Another device for removing heat from a component, such as a processor, is a heat pipe. A heat pipe typically has a round cross-section including two paths extending the length of the pipe. The heat pipe (e.g., an end of the heat pipe) is placed proximately to a component, such as a processor. Working fluid in the heat pipe (e.g., water) is heated at the component and vaporized. The vapor travels away from the component in a hollow, first path of the heat pipe (this first path typically has a relatively large cross-sectional area). Eventually, the vapor is cooled at another location in the heat pipe. For example, the vapor may be cooled over a heat sink device mentioned above. The vapor condenses to form working fluid and the working fluid travels back to the processor through a second path, sometimes referred to as a wick structure, via capillary action. Thus, the heat pipe continuously circulates working fluid and vapor to remove heat from the processor. Further details on the operation of heat pipes can be found in Handbook of Applied Thermal Design (1989, ed., Eric C. Guyer, pp. 7-50 to 7-58).

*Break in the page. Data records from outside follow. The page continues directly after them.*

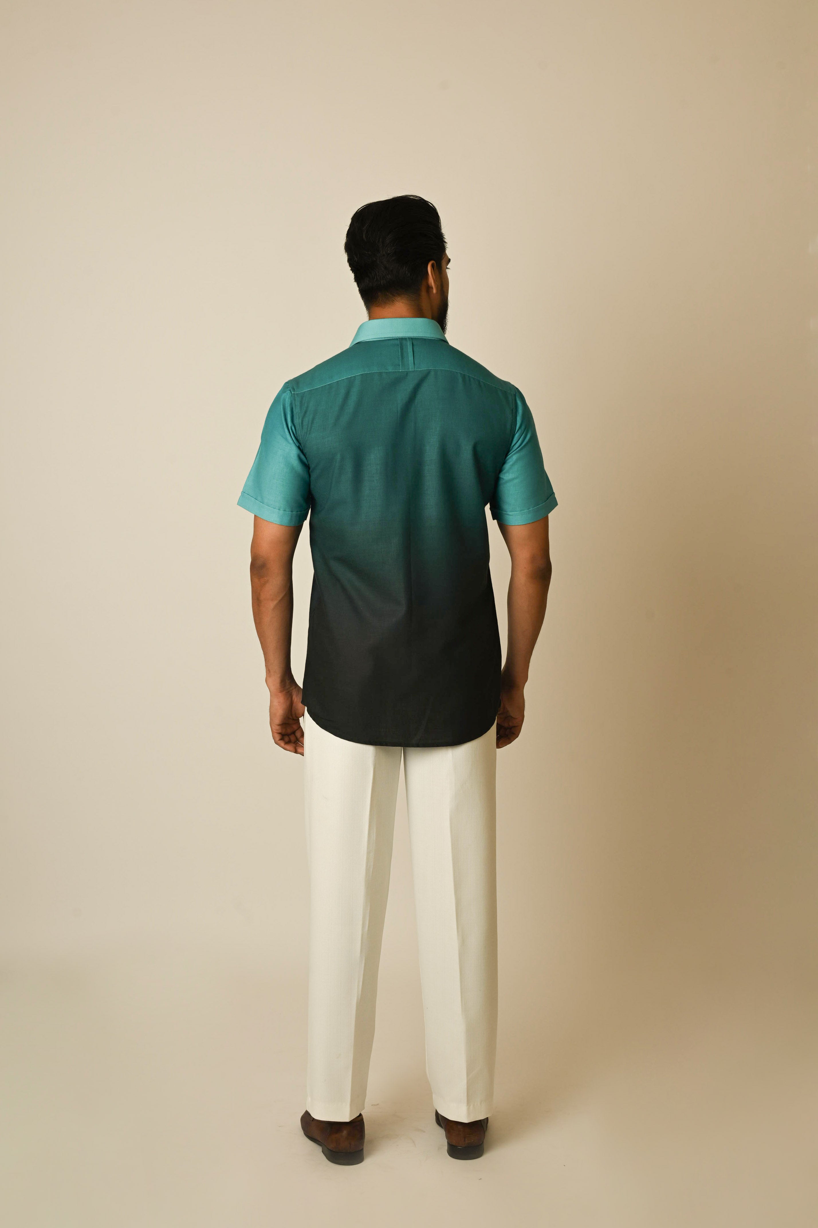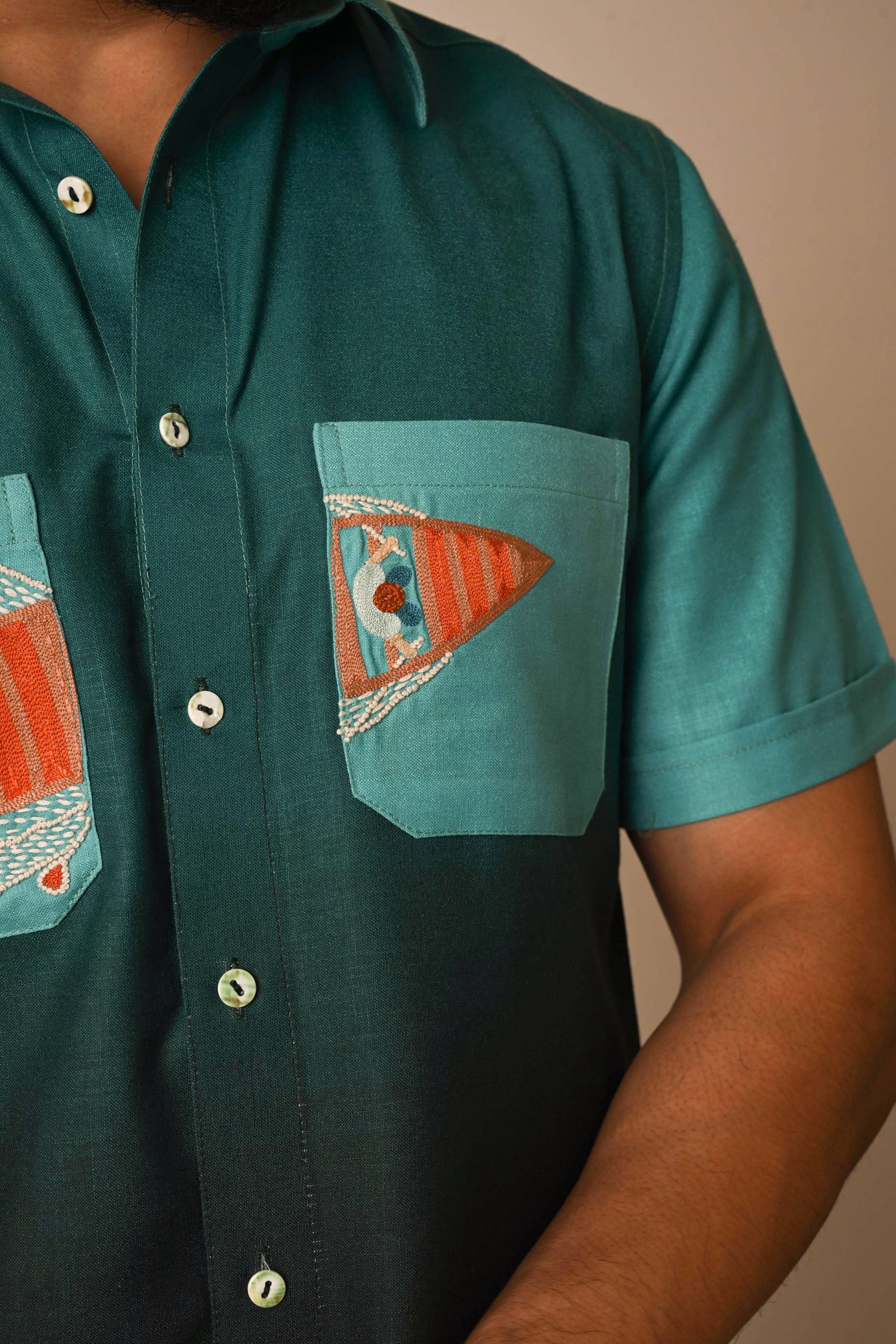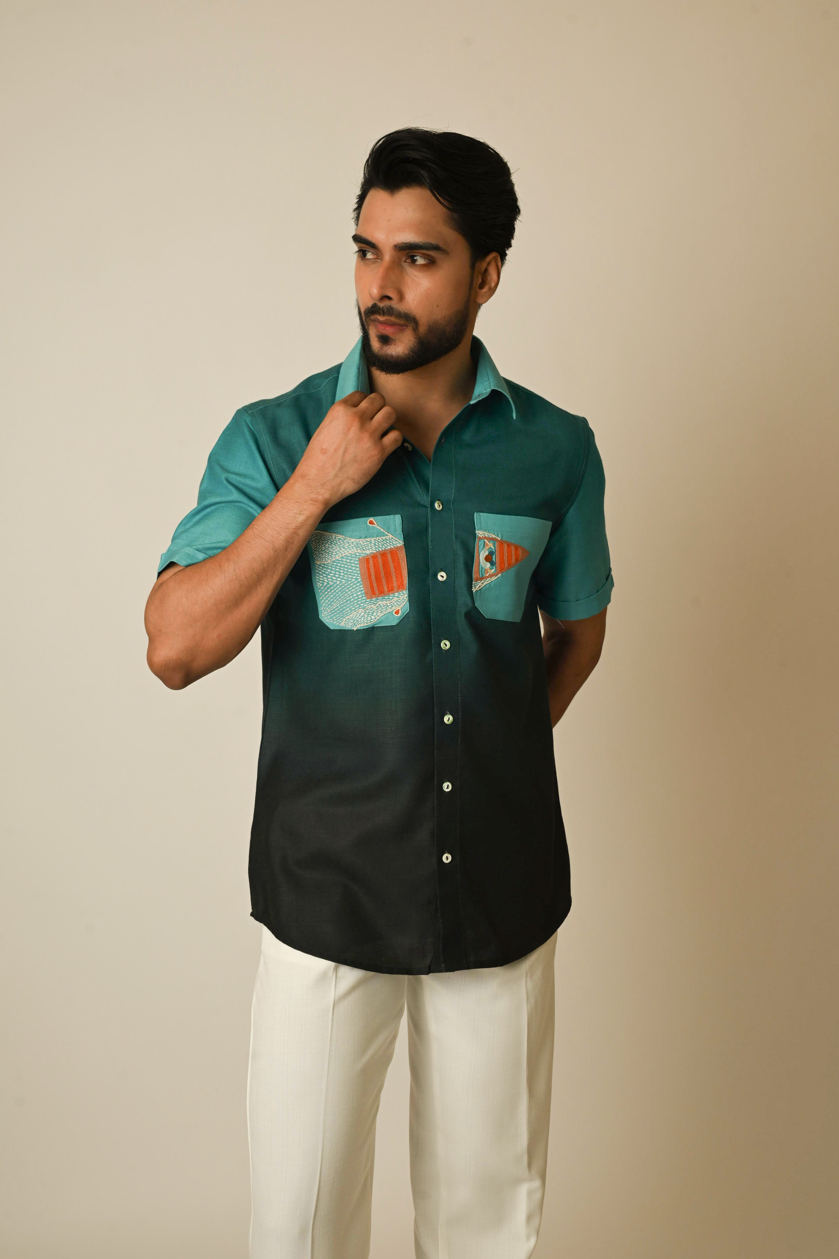 a shaded teal to dark teal textured linen shirt with pocket detail depicting a scenery in a two frame design
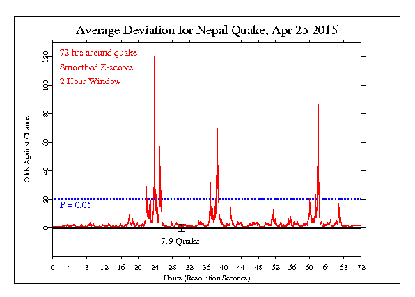 Next we look at the raw data, smoothed to reduce the high frequency noise. Here we look at a 72 hour period surrounding the main 7.9 temblor. The graph shows the odds against chance for deviations that show as spikes against the null background. An hour-long disturbance appears to begin about 2 hours before the quake, and two more large spikes appear afterwards.
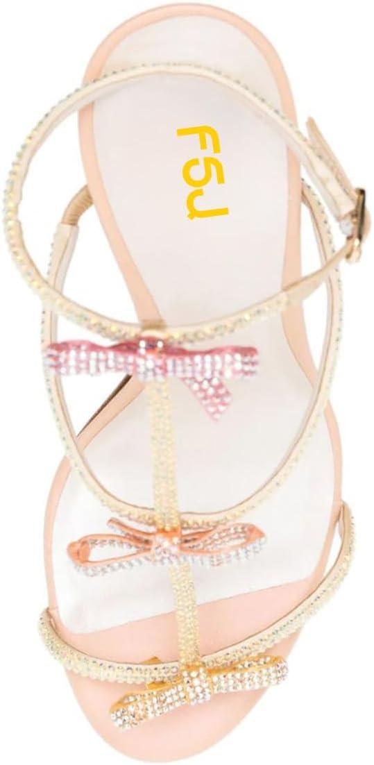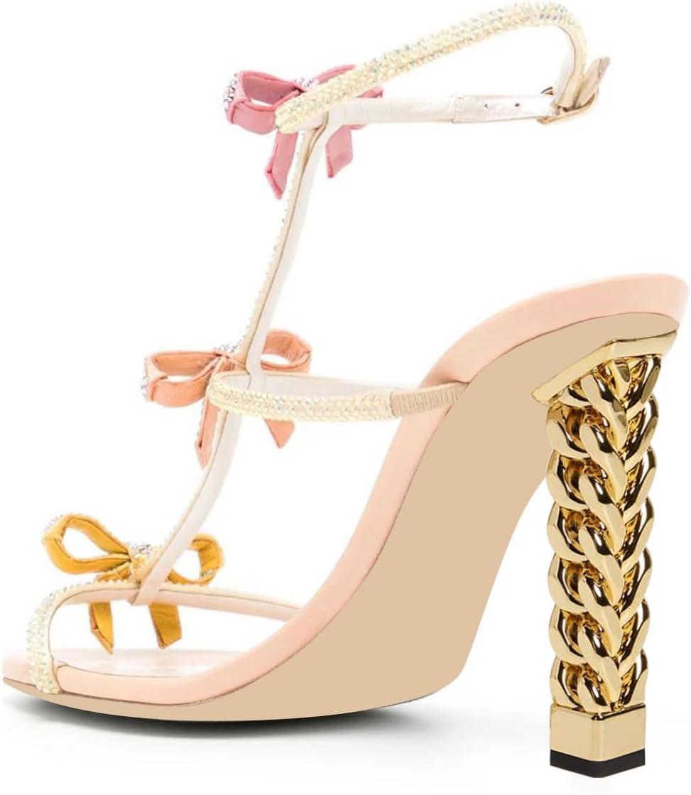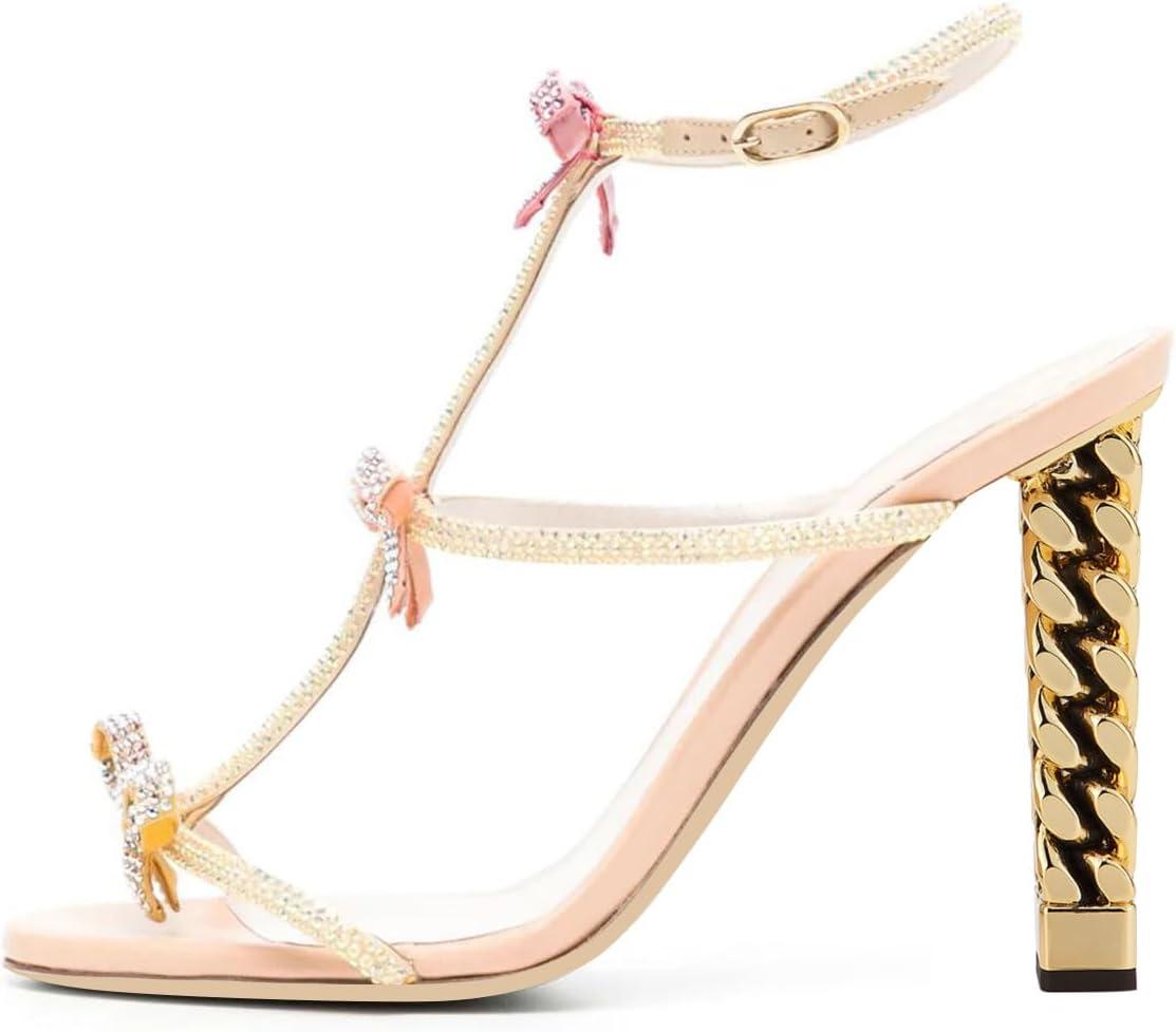 FSJ Women Gold Metal Chain Thick High Heel Sandals Open Toe Strappy Ankle Buckle Strap Slingback Comfy Summer Dress Pumps Crystal Bows Size 4-15 US(Nude Black Bows)
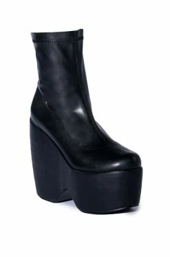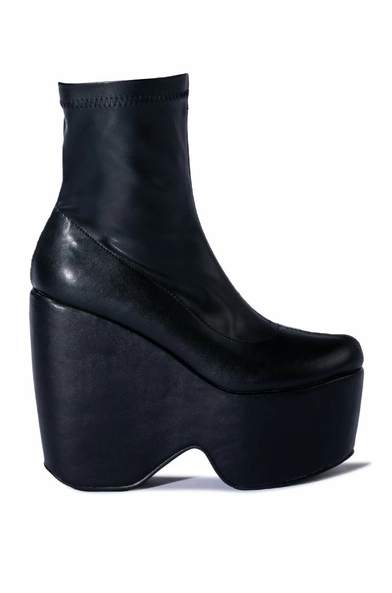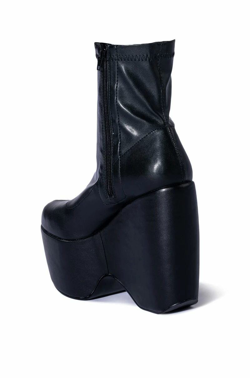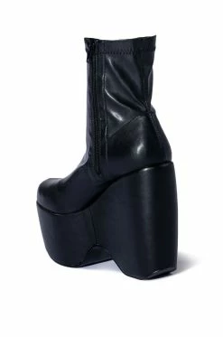 The AZALEA WANG Loxley Wedge Boot in Black features a smooth vegan leather upper, an almond toe silhouette, an ankle height shaft, a chunky platform wedge heel, and an inner ankle zipper closure.
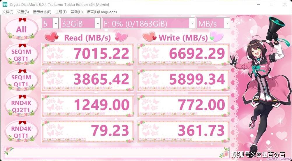 在Crystal Disk Mark下,许多人将选择1GB直接在参数部分,如果是SATA SSD,这个1GB参数并不重要,但是对于M.2的NVMe SSD,作为参考,它对我们来说没什么用处,我个人认为至少8GB,16GB启动,因为许多类型的产品(空盘)随着参数的增加有问题减速。我选择32GB作为参数,工程师AORUS GEN4钛板4K部件已整齐,序列读写性能分别达到7015MB/s,6692.29MB/s,顺序读取性能达标,性能的顺序略低于官方测试数据,但是, 考虑到 一些 参数,AORUS GEN4钛雕版板一般表现得很好.
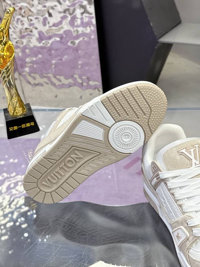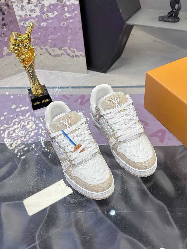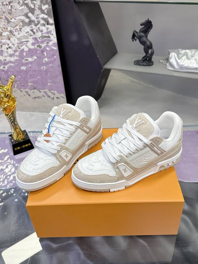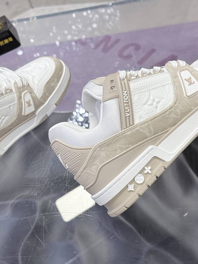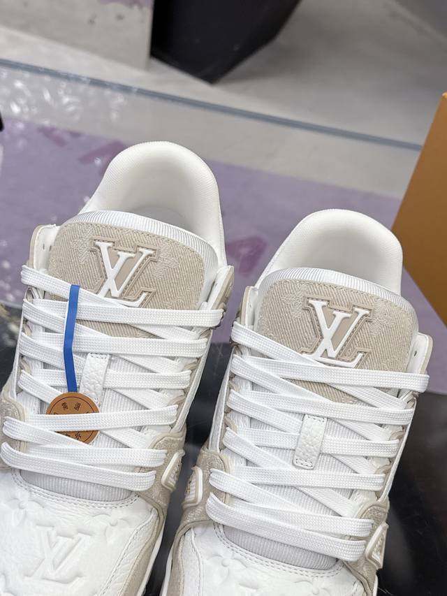FFF 工厂P价P: DDD 原版开发 品质出货 欢迎对比 Lv板鞋系列 DDD Lv Trainer Maxi运动鞋将成衣系列的宽松廓形引入Virgilabloh笔下的Lvtrainer运动鞋设计,在 春夏男装秀场瞩目亮相。牛皮革鞋面结合粗犷织物鞋带,以缤纷串珠点明品牌经典元素。Lv字母标注鞋舌,Monogram花卉栖身外底。 DDD 混合材质 DDD 采用头层牛皮制成,进口定制专用印花牛仔布包裹,粗鞋带系带设计,侧面带 Monogram 大印花, 鞋舌及后跟”Lv 54“徽章点缀,橡胶外底饰有 Mon
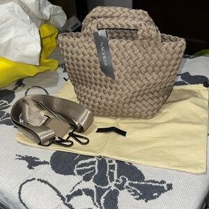 Chic Tory Burch tote featuring a transparent design. White trim with tan handles. Ideal for versatile styling.
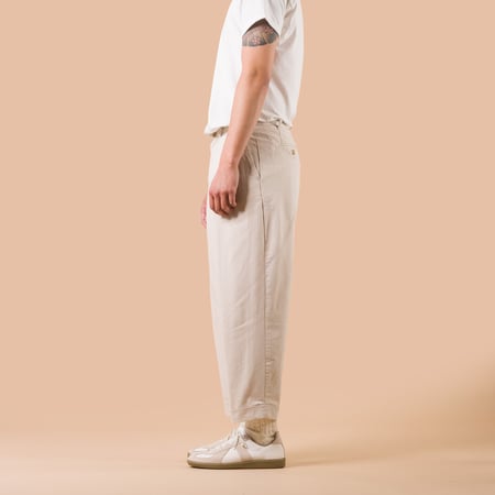 Its Loose Tapered cut offers a great sense of comfort and lightness despite the density of the twill used. The leg ends are slightly tapered, without altering the overall volume, and the length, deliberately "cropped", finishes with a hem sewn with excess fabric, allowing the trousers to be lengthened as desired. The overall shape, with a pronounced oval, gives an oversize effect without the need for upsizing.
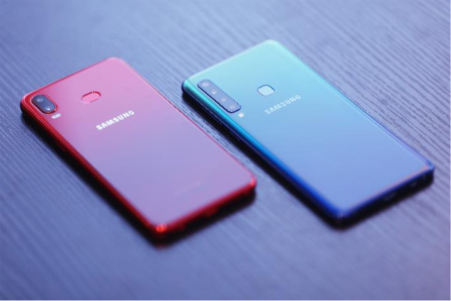 Galaxy A6s錦鯉紅(左)與Galaxy A9s檸沁藍(右)

The use of devices for managing heat becomes very important in mobile computer systems, such as laptop computer 10 shown in FIG. 1. Because of their small size, especially in height, there is generally insufficient space for air flow past components in a laptop computer. Base plate 17 is made of a metal such as steel or aluminum which tends to conduct the heat generated by components on PCB 15 to all areas of base plate 17. Also, base plate 17 and I/O plate 19 may be combined into a single L-shaped plate 25 shown in FIG. 2. Doing so expands the area for spreading the heat generated by PCB components. Due to the relatively poor thermal conductivity of these metals, thermal gradients do occur in the base plate, which in turn causes some sections of base plate 17 and/or I/O plate 19 to be warmer than others thus limiting the thermal capabilities.
Heat pipes, as described above, may be used to improve heat management in laptop computers having a base plate 17 and I/O plate 19. The heat pipe is typically used to couple the heat of the processor to the base plate 17. Doing so has at least two significant drawbacks. First, incorporating heat pipes into the computer structure increases manufacturing costs and complexity in that it is desirable for the heat-pipe to be precisely placed and attached to the PCB adding a number of manufacturing steps to laptop computer fabrication. Also, the heat pipe is attached to the PCB in different locations creating a situation where some areas on the PCB are hotter than others. These differences in temperature may be perceived by a user, and the efficiency of the heat removal system is reduced. Accordingly, there is a need for an apparatus for improving heat management for electronic circuits, especially for laptop and notebook computers.